## What to work on
From the listing below, reproduce exactly the lines starting with the one with "Chord Lagu Kunci" and going on through the one with "This mixed media", both ends kept. No picture is copied.

## Material provided
▼▼▼
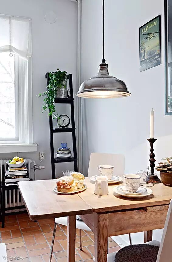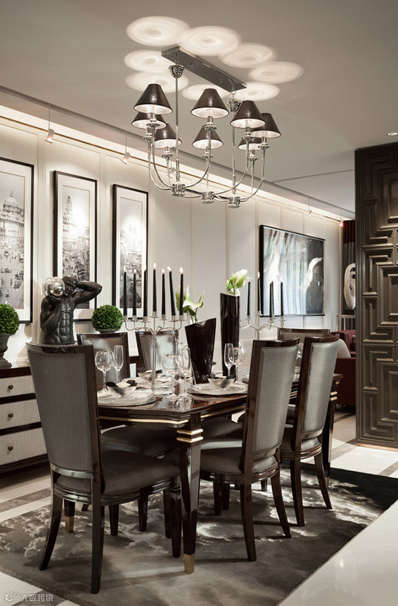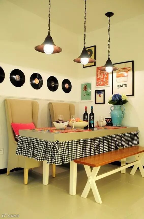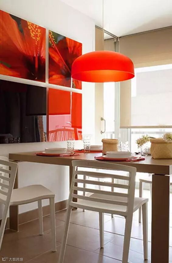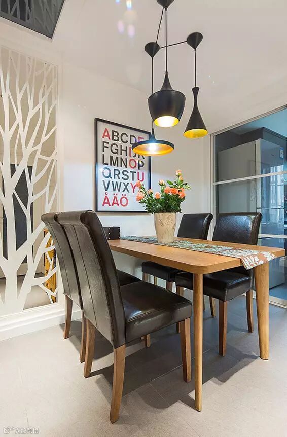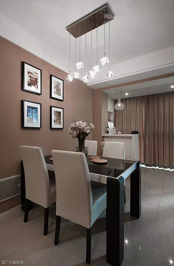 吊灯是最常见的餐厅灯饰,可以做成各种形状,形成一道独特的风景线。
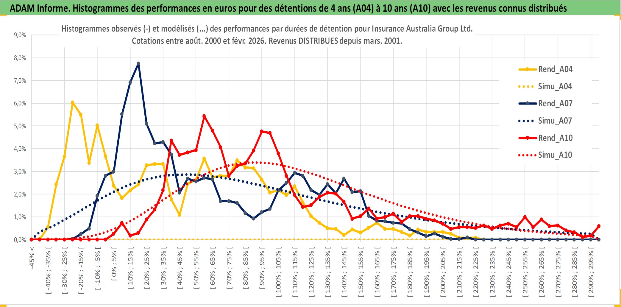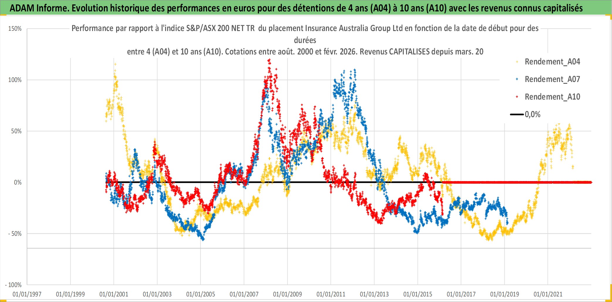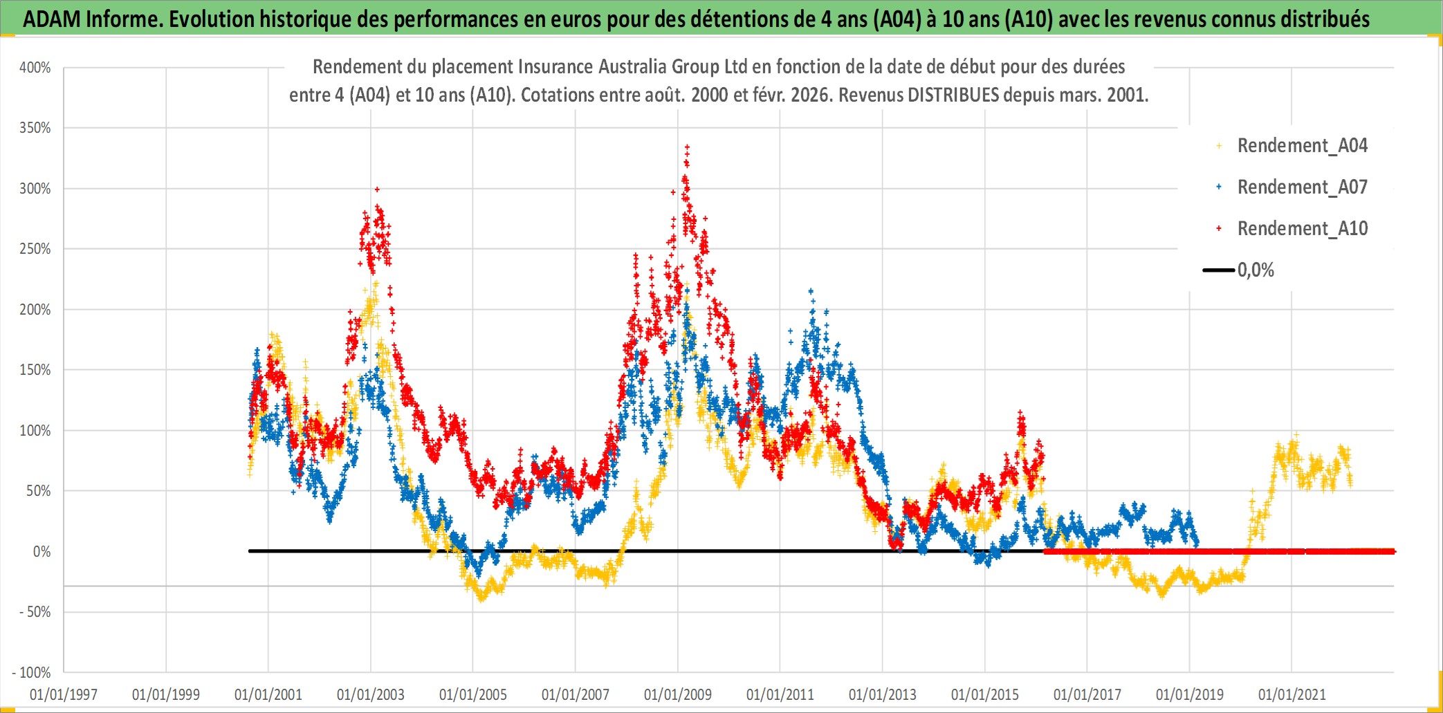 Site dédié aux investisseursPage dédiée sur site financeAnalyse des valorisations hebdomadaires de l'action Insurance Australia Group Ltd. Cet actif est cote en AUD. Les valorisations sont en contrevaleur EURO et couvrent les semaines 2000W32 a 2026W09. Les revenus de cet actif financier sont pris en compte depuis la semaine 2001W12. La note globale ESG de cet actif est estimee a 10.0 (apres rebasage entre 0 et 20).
▲▲▲
▼▼▼
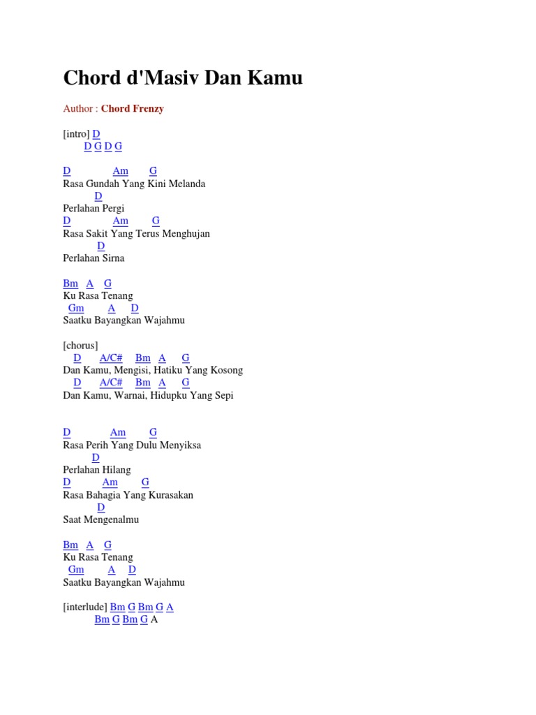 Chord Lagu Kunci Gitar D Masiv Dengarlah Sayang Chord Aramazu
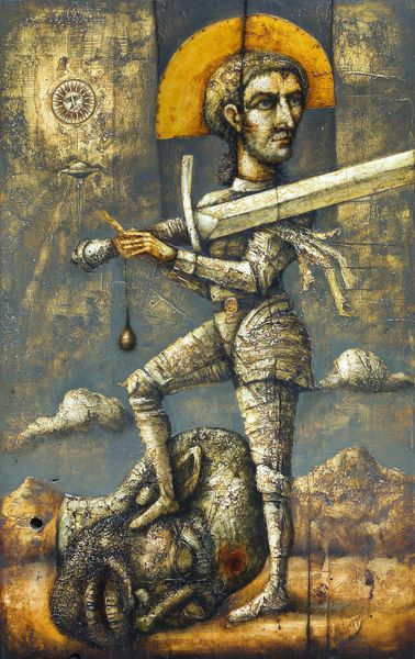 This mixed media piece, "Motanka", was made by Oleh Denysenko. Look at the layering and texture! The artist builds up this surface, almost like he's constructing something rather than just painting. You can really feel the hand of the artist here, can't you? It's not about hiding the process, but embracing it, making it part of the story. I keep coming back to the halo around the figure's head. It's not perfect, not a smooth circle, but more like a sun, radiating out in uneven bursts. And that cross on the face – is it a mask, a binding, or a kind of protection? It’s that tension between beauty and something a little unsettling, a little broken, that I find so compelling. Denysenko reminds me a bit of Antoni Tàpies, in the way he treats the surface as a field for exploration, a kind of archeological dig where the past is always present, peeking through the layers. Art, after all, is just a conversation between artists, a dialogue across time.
▲▲▲
## Answer space
 Chord Lagu Kunci Gitar D Masiv Dengarlah Sayang Chord Aramazu
 This mixed media piece, "Motanka", was made by Oleh Denysenko. Look at the layering and texture! The artist builds up this surface, almost like he's constructing something rather than just painting. You can really feel the hand of the artist here, can't you? It's not about hiding the process, but embracing it, making it part of the story. I keep coming back to the halo around the figure's head. It's not perfect, not a smooth circle, but more like a sun, radiating out in uneven bursts. And that cross on the face – is it a mask, a binding, or a kind of protection? It’s that tension between beauty and something a little unsettling, a little broken, that I find so compelling. Denysenko reminds me a bit of Antoni Tàpies, in the way he treats the surface as a field for exploration, a kind of archeological dig where the past is always present, peeking through the layers. Art, after all, is just a conversation between artists, a dialogue across time.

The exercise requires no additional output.